What is the Matter with the Police in America? Part Three
6. Most police departments do a good job of policing themselves. The problem is, as I stated earlier, the media does not allow them to do this. The officers are not given the same due process that a suspect would be given in a similar situation. If a police department does not conduct a thorough, fair, and impartial investigation, then it is time to call in a state or federal agency to look into the incident. Give a police department a chance, though, and they will usually take care of it.
If an officer used too much force, violated the law, or did not follow the department’s policy manual, they will normally take the appropriate action. I saw it first-hand during my career. If an officer screwed up, they were disciplined. Depending on how serious the incident was determined how serious the discipline they received.
What tends to happen today, however, is that an officer is convicted by public opinion based on emotion and minimal facts. If the officer is exonerated by the investigation, there is automatically an assumption that the department is covering for the officer. The Ferguson, Mo, case is a great example. As we said, the officer was already considered guilty before the investigation had even gotten started.
The actual investigation involved interviewing over 100 witnesses, processing and examining the physical evidence, autopsy reports, medical reports, video evidence, and DNA evidence. All of this evidence ended up exonerating the officer, not once, but twice. The problem at this point, though, was that it did not matter what the facts showed. The public’s mind was made up and nothing was going to change it.
There are other times in which an investigation will show that an officer violated departmental policy, a suspect’s civil rights, or even broke the law. There is at least one officer that I worked with that is serving a life sentence in prison. Others that I know served shorter jail sentences for breaking the law while serving as a police officer. I have seen many disciplined in other ways, including being fired because they violated their oath of office.
7. What about body cameras? Do they help police the police? I wrote about that here. Check out that article for my thoughts on body cameras. They do not solve all the problems but they are a great tool. Since more and more police departments are using them, they seem to be exonerating more officers than they are convicting.
The assumption seemed to be that when more police officers started wearing body cameras, it would show how out of control the police really are. In actuality, just the opposite has occurred. People are seeing more clearly how professional most of our nation’s officers are and how difficult their job really is.
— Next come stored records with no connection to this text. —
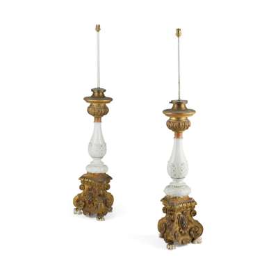 with foliate carving, the white ceramic columns with leaf mouldings, raised on triform giltwood bases carved with flowers and armorials, terminating in paw feet; later converted to electricity
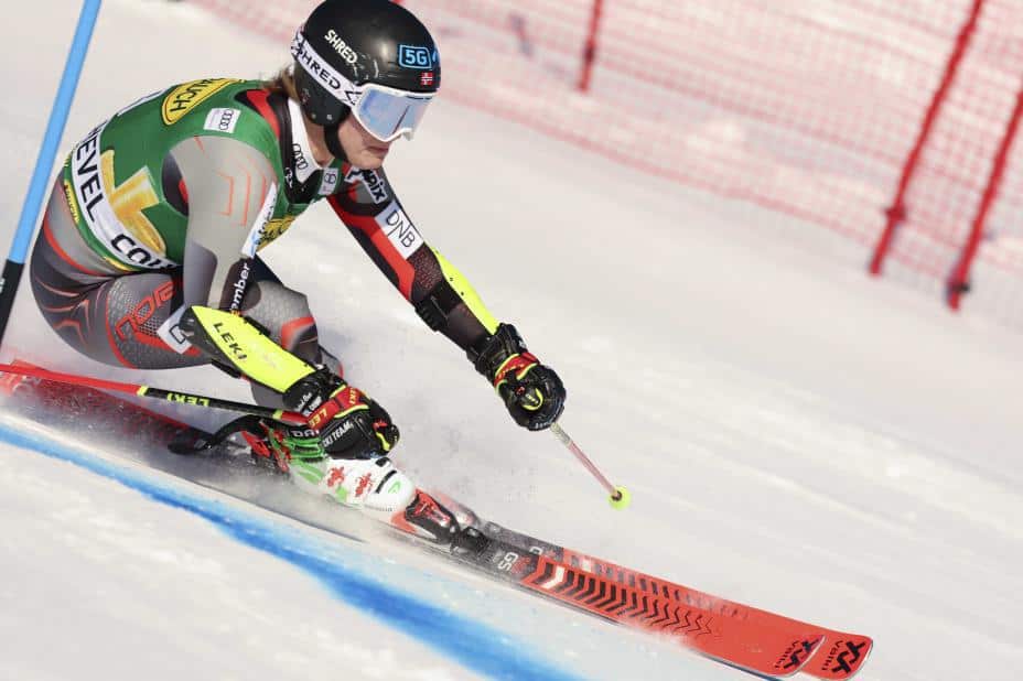 Ragnhild Mowinckel har fortsatt en del å jobbe med i storslalåm. Etter en uke med bare fartskjøring ble overgangen til en mer teknisk øvelse stor. Hun tapte mye fra start og var i mål 2,34 bak Shiffrin. Det holdt til 12.-plass etter første omgang.
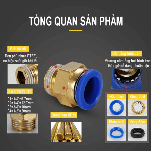 • Hỗ trợ tư vấn chọn đúng đầu nối theo kích thước ống và áp lực khí nén.
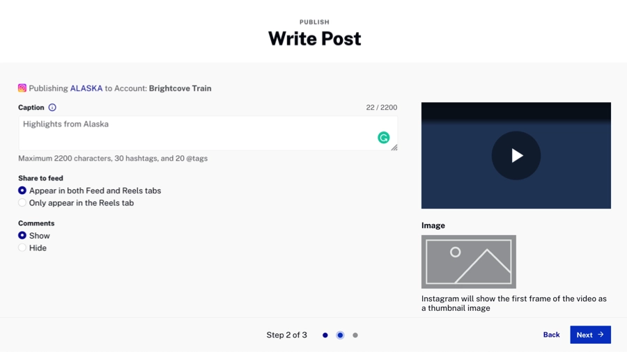 - Caption - Write a caption for the image, video, or carousel: maximum of 2200 characters, 30 hashtags, and 20 tags.
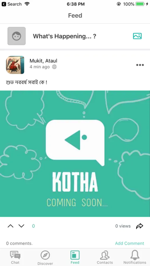 Kotha is a Social Communication & Lifestyle app developed in Bangladesh for Bangladeshi people and Bangla speaking community around the world. The purpose of the app is to offer Bangladeshis their own social media & communication tools, promote use of Bangla language and at the same time offer daily life useful local services, lifestyle contents, latest news and entertainment etc.
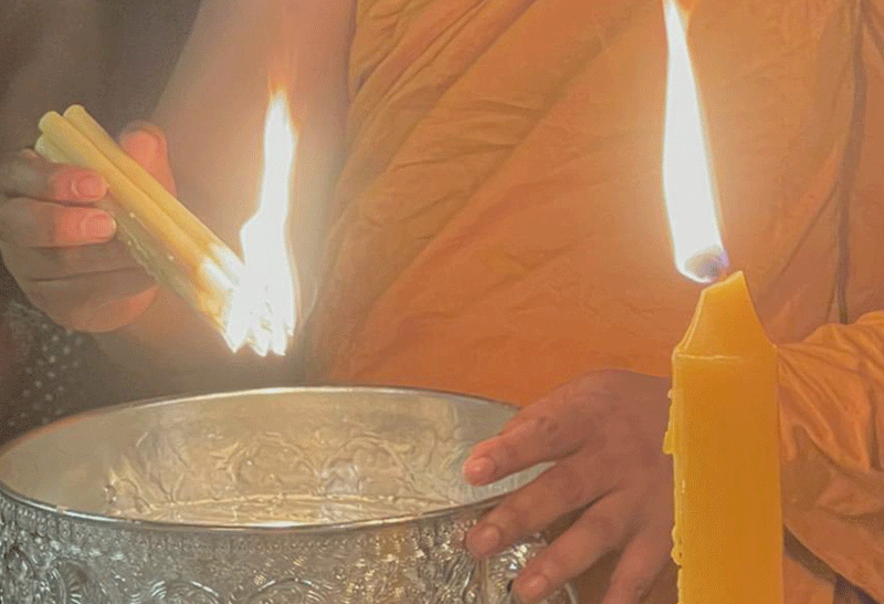 ด้านหน้าพ่อปู่ โดยพระครูปลัดธนะโรจน์ ปัญญาวชิโร (พระอาจารย์หมู) เป็นผู้ประกอบพิธี จุดเทียน ธูป บูชา พ่อปู่ศรีสุทโธนาคราช และพ่อปู่มุจรินนาคราชจากนั้นได้มีการหยดน้ำตาเทียนลงในขันน้ำมนต์ ท่ามกลางชาวบ้านที่เข้าร่วมพิธีอย่างใจจดใจจ่อ ซึ่งชาวบ้านที่เข้าร่วมพิธีต่างสวมหน้ากากอนามัยตามมาตราป้องกันการแพร่ระบาดของไวรัสโควิด19 หลังเสร็จพิธีชาวบ้านที่เข้าร่วมพิธีบวงสรวงพ่อปู่ศรีสุทโธนาคราช และพ่อปู่มุจรินนาคราชต่างทยอยกันเข้ามาส่องเลขเด็ดจากดอกน้ำมนต์ในขันน้ำมนต์ บางรายก็นำโทรศัพท์มือถือมาถ่ายดอกน้ำมนต์ที่ปรากฏเป็นเลขให้เห็น และเมื่อถ่ายรูปเลขในขันน้ำมนต์ได้แล้วก็ส่งไปให้ญาติและเพื่อนที่อยู่ต่างจังหวัดและที่บ้าน ก่อนที่จะนำเลขเด็ดที่ตนเห็นไปซื้อสลากกินแบ่งที่พ่อค้าแม่ค้านำมาวางจำหน่ายโดยรอบบริเวณวัดเป็นการเสี่ยงโชคกันอีกด้วย
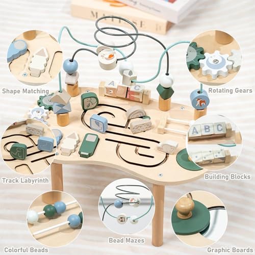- Skill-Building Entertainment: Includes shape matching, track maze, colored beads, bead maze, pattern board, spin blocks, and rotating gears, fostering hands-on learning through play
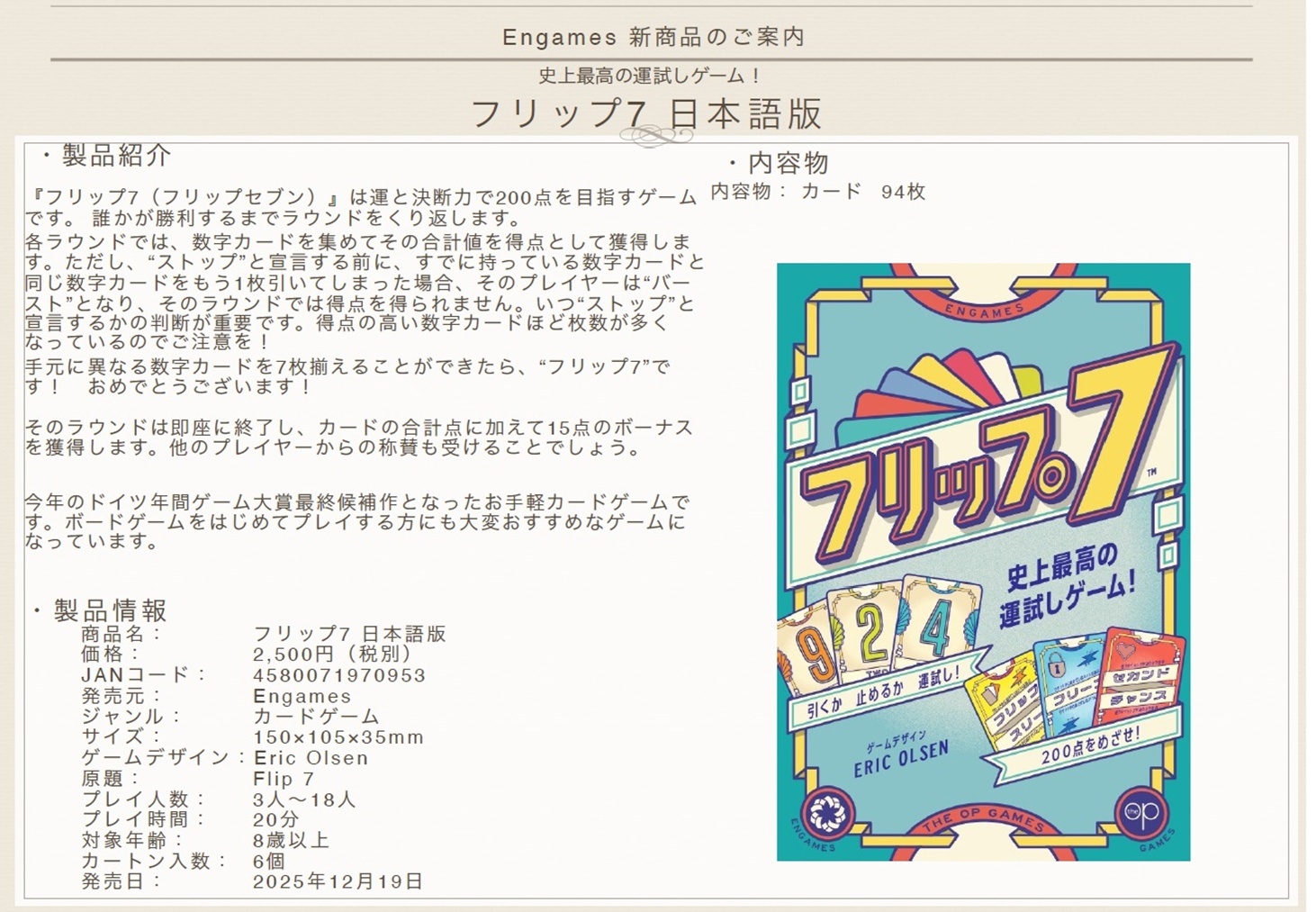 【予約商品】フリップ7 日本語版【25年12月19日発売】 [4580071970953]
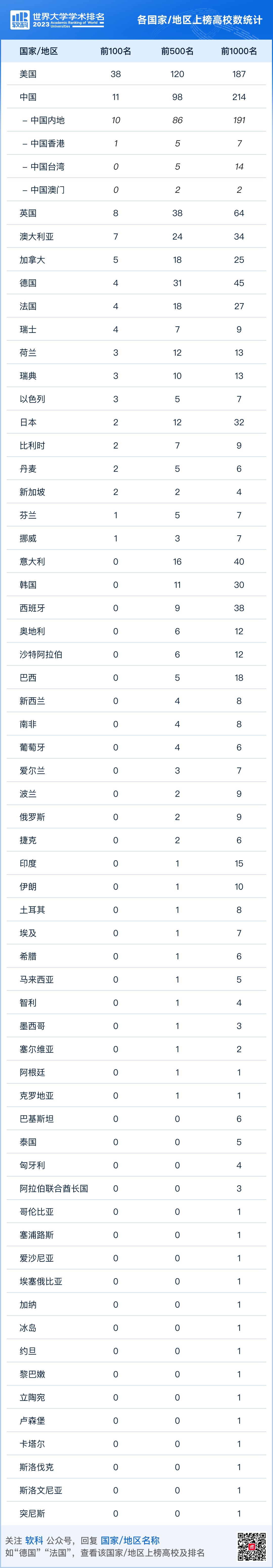 在全球1000强大学榜单中,今年中国内地共有191所高校上榜,较去年增加28所,历史首次超过美国上榜高校数(187所),位列世界第一。显示出中国研究型大学群体的学术实力和国际影响力在持续攀升。
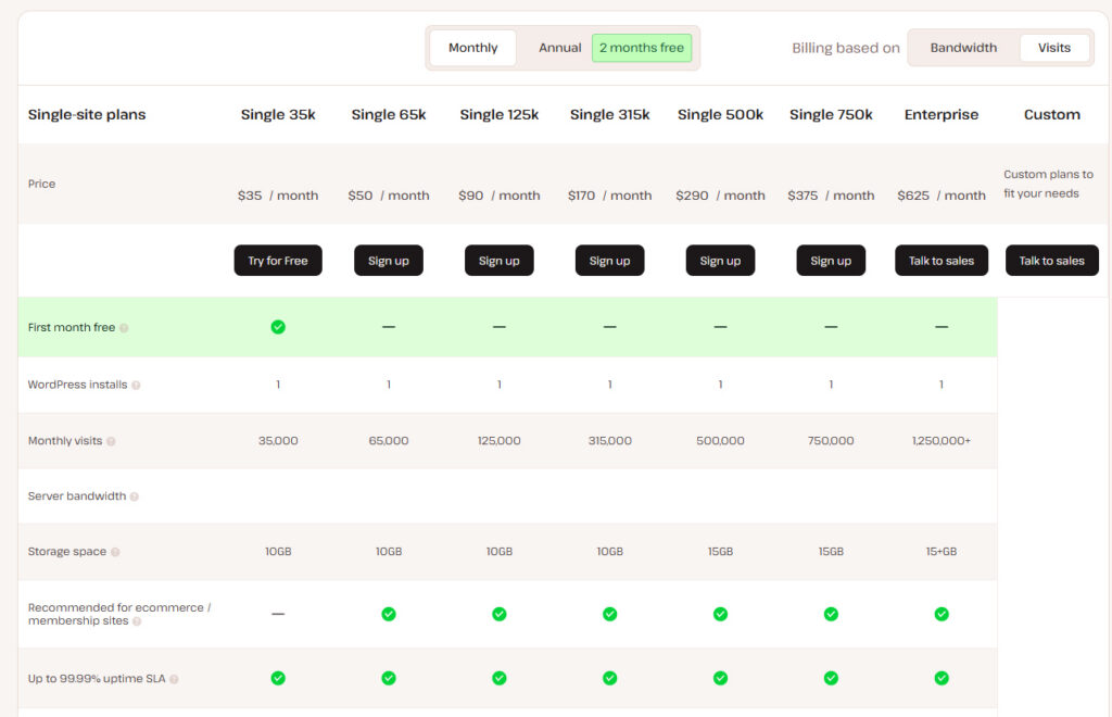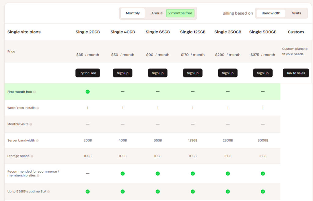 Ein sehr großer Vorteil: Nicht alle Hoster bieten dir diese flexible Auswahl zwischen Bandwidth und Visits an. Bei Kinsta kannst du genau das Modell wählen, das zu deinem Projekt passt. Welches Modell du genau auswählen sollst, liegt an dir – je nachdem, für was du es genau brauchst.
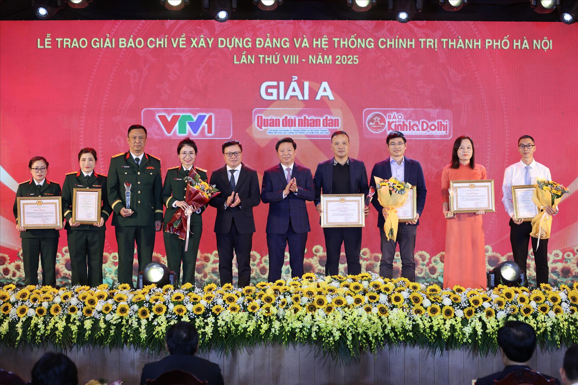 Đại diện các tác giả, nhóm tác giả đến từ VTV1, Báo Quân đội Nhân dân, Báo Kinh tế & Đô thị nhận giải A tại buổi lễ. Ảnh: Công Đạt/Báo ảnh Việt Nam
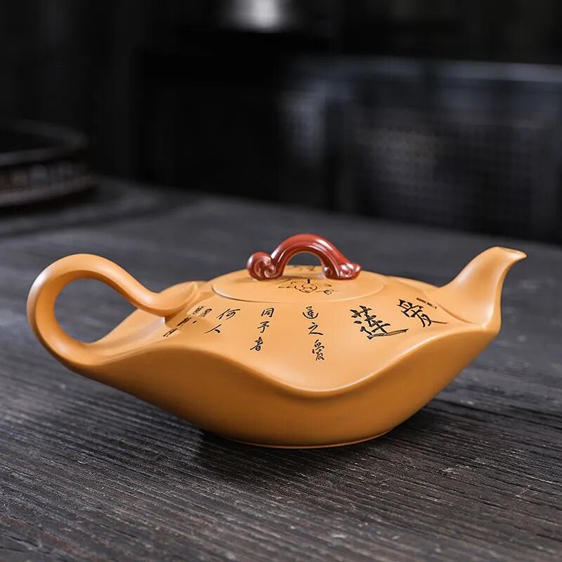 ✩ 絕版收藏!正宗宜興紫砂朱泥長嘴供春壺 ❘ 黃金大容量500cc ❘ 純手工浮雕匠製,泡茶更香
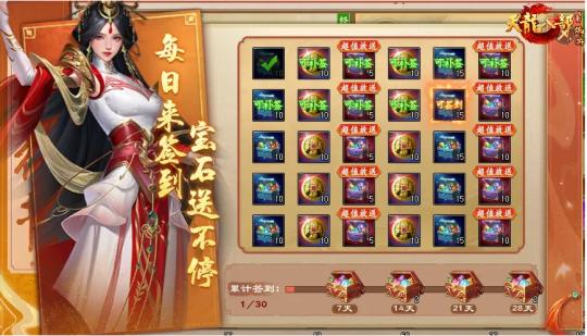 官方特地爲玩家算了一筆賬,在寶石簽到中,玩家就可以獲得:125個低級寶石寶箱(必得1級或者2級寶石)、75箇中級寶石寶箱(必得2級或者3級寶石)、6個高級寶石寶箱(必得3級或者4級寶石)、500金交子,總價值約30顆3級寶石。
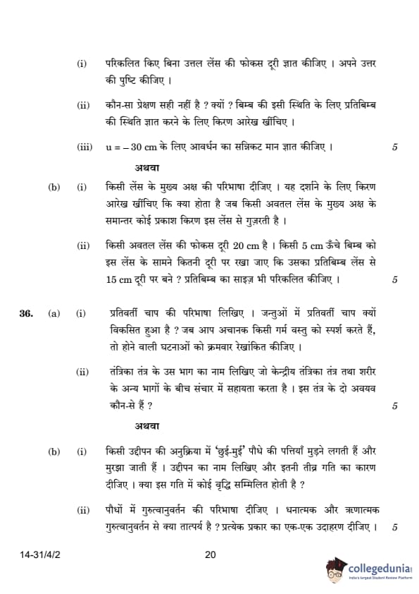| 35. (a) The variation of image distance (v) with object distance (u) for a convex lens is given below: | Object distance (u) (cm) | Image distance (v) (cm) | | -150 | +30 | | -75 | +37.5 | | -50 | +50 | | -37.5 | +75 | | -30 | +150 | | -15 | +37.5 | (i) Without calculation, find the focal length of the convex lens. Justify. (ii) Which observation is incorrect? Why? (iii) Find the approximate magnification for u = -30 cm. |
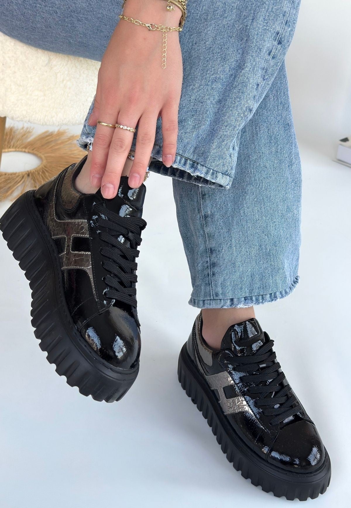 Gesti Siyah Rugan Platin Detaylı Bağcıklı Spor Ayakkabı

The body cam video from the Dylan Noble shooting has just been released. The investigation is still on-going but the police chief wanted the public to understand the situation a little better. After watching this video, I understand much more clearly why the officers shot the man.
The police were first drawn to Noble by his aggressive driving. When they tried to stop him, he accelerated and it looked like there was going to be a car chase. After a few seconds, however, Noble pulled into a parking lot. The police officers gave him multiple, clear commands about staying in his vehicle, letting them see his hands and not putting his hands behind his back or under his hoodie. He refused to obey any of those commands, exited his vehicle, and made multiple moves under his hoodie with his hand like he was drawing a weapon.
At one point, Noble advanced towards the police while reaching under his hoodie. Officer ordered him to pull his hands out and threatening to shoot him if he did not obey. Noble told the police, “I hate my life,” and advanced on them again, continuing to make a motion like he was drawing a weapon. Noble was shot twice and fell to the ground.
While he was on the ground, Noble reached under his hoodie again and was shot again. When he started to reach again, the officers continued to tell him not to do that and warning him he would be shot again. Noble reached under the hoodie once more and was shot for the final time.
As I said, this case is still under investigation and the body cam videos are just one piece of the evidence. Whether the officers are cleared or found in violation of a law or departmental policy is yet to be seen. What is completely clear to me, though, is that Dylan Noble controlled the situation. He could have complied with the verbal commands he was given and deescalated the situation. He would have probably received a traffic citation or possibly even been arrested for his aggressive driving.
Instead, it appeared that he wanted to commit suicide by the police and he got his wish. The investigation will determine if the police’s use of deadly force was justified. After watching the video, I am not about to second guess the officers. It was a tough situation and they gave Noble many, many opportunities to stay in his vehicle, show them his hands, and get down on the ground. Noble ignored every verbal command the police gave him.
As I said at the beginning of Part One of this article, these are complex issues. I am just sharing a few thoughts based on my own experience in law enforcement. I don’t expect everyone to agree with everything I have written. Something I hope that we can agree on, however, is that we need to support our police officers. They are the Thin Blue Line that protects our society from lawlessness and from the predators in our society.